# Sound skipping on DVD's?



## Ourff (Jan 13, 2007)

Whenever I try to play a DVD, the sound skips. I've tried several different programs, but they all skip. The sound works fine when I play music or other videos that are already on my computer. 

Does anyone have any idea what the problem could be? If it helps, I'm using Windows XP. 

Thanks in advance.


----------



## JohnWill (Oct 19, 2002)

First stop, try looking in Device Manager. Pick the IDE channel your drives are on, and select Properties, Advanced Settings and check the mode the drive is running in. It should be *Ultra DMA Mode 2* or better.


----------



## Ourff (Jan 13, 2007)

JohnWill said:


> First stop, try looking in Device Manager. Pick the IDE channel your drives are on, and select Properties, Advanced Settings and check the mode the drive is running in. It should be *Ultra DMA Mode 2* or better.
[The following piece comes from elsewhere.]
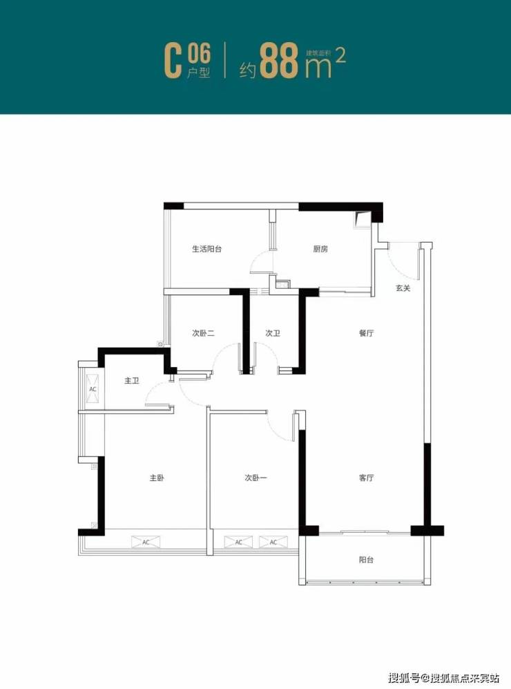 89-109㎡4房2卫:包含南北通透户型和经典竖厅户型,109㎡户型带双阳台。

Ok, I just tried that. It says, "Current Transfer Mode: Not Applicable?"


----------



## JohnWill (Oct 19, 2002)

That's the wrong channel in that case. It will have a transfer mode if a device is connected.


----------



## Ourff (Jan 13, 2007)

JohnWill said:


> That's the wrong channel in that case. It will have a transfer mode if a device is connected.


I found one called "Secondary IDE Channel," and it says, "Current Transfer Mode: PIO Mode?" The other five have the same thing that I mentioned in my other post.


----------



## JohnWill (Oct 19, 2002)

OK, the PIO mode is the problem. DMA Reverts to PIO gives some solutions to this issue.


----------



## Ourff (Jan 13, 2007)

JohnWill said:


> OK, the PIO mode is the problem. DMA Reverts to PIO gives some solutions to this issue.


That worked. Thank you!

I have one more question: After I did that, the sound stopped being as loud as it used to be, even with the speakers all the way up and the volume on Itunes all the way up, it's not loud. Is there anything I can do to fix that?


----------



## linskyjack (Aug 28, 2004)

Check your volume control---Accessories/Entertainment/Volume Control.


----------



## JohnWill (Oct 19, 2002)

If you double-click the volume control on the taskbar, you'll get to the audio settings, see if one of the controls are turned down.


----------